VVR on Windows Performance/Latency

Created: 26 Jan 2011 • Updated: 31 Jan 2011 | 4 comments
sheldonl's picture
This issue has been solved. See solution.

Hello,

I'm setting up a system that requires an RPO-0 disaster recovery between two database clusters. Because the distance is over 400km between them I'm going to use VVR in a bunker configuration about 30km from the primary database cluster. Communications between the bunker and the primary DB cluster will be sychronous (in sync override mode) From Primary to secondary will be async.
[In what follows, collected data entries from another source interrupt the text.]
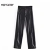 MOYATIIY Women 2022 Fashion PU Leather Wide Leg Pants Highstreet Shinny Black Loose Trousers with Zipper Female Bottoms
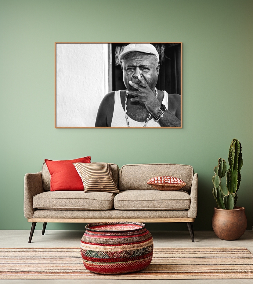 The artwork is a monochromatic photograph of a man captured mid-gesture. He dons a sleeveless shirt and a cap, accessorized with a necklace and multiple bracelets. The man is in the act of smoking a cigarette, with his hand positioned close to his face. The photo is shot in black and white, highlighting the texture of his skin and the details of his accessories. The image exudes a raw, candid emotion, foregrounding the character and presence of the subject.
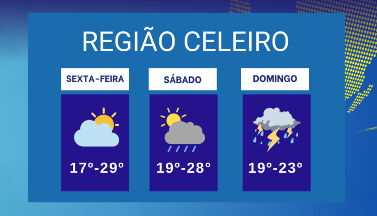 A Região Celeiro deve enfrentar mudanças nas condições climáticas ao longo do fim de semana. Nesta sexta-feira (19), o céu permanece parcialmente nublado, com pequena chance de chuva. As temperaturas variam entre 17 °C e 29 °C.

Does anyone here have any experience with such a configuration? If so, can you provide any feedback? Especially, how much of a performance hit have you seen on average?

 

Thanks.

Comments 4 CommentsJump to latest comment

Wally_Heim's picture

Hi Sheldonl,

I/O at the primary is going to be highly dependant on the link speed to your bunker site and the latency between the primary and bunker.  Basically, all I/O on the primary have to be writen to the bunker SRL and ack back to the primary before the I/O is completed on the primary.

 

As for failover performance to the DR site, it is dependant on the link speed to the primary or the bunder site.  The higher the speed link to the DR site the faster failover will be if replication is in SRL mode.

 

I would recommend using VRAdviser that comes on the DVD to capture I/O disk stats on the primary for a couple of weeks.  Then you can use it to do what if situations and see what increasing and decreasing link speed will do for your expected failover/resync times.

 

Thanks,

Wally

sheldonl's picture

 

Thanks Wally. I've actually provisioned for a 1Gbps link. Vendor assures me 1ms latency each way, so I'm trying to estimate total latency added per I/O. If I have say 3ms each way once I'm done going through a switch and router then that's 6ms round trip. What I'm missing to add to this is the latency added by the SFW/VVR layer. I'd ultimately like to keep the additional latency under 10ms. 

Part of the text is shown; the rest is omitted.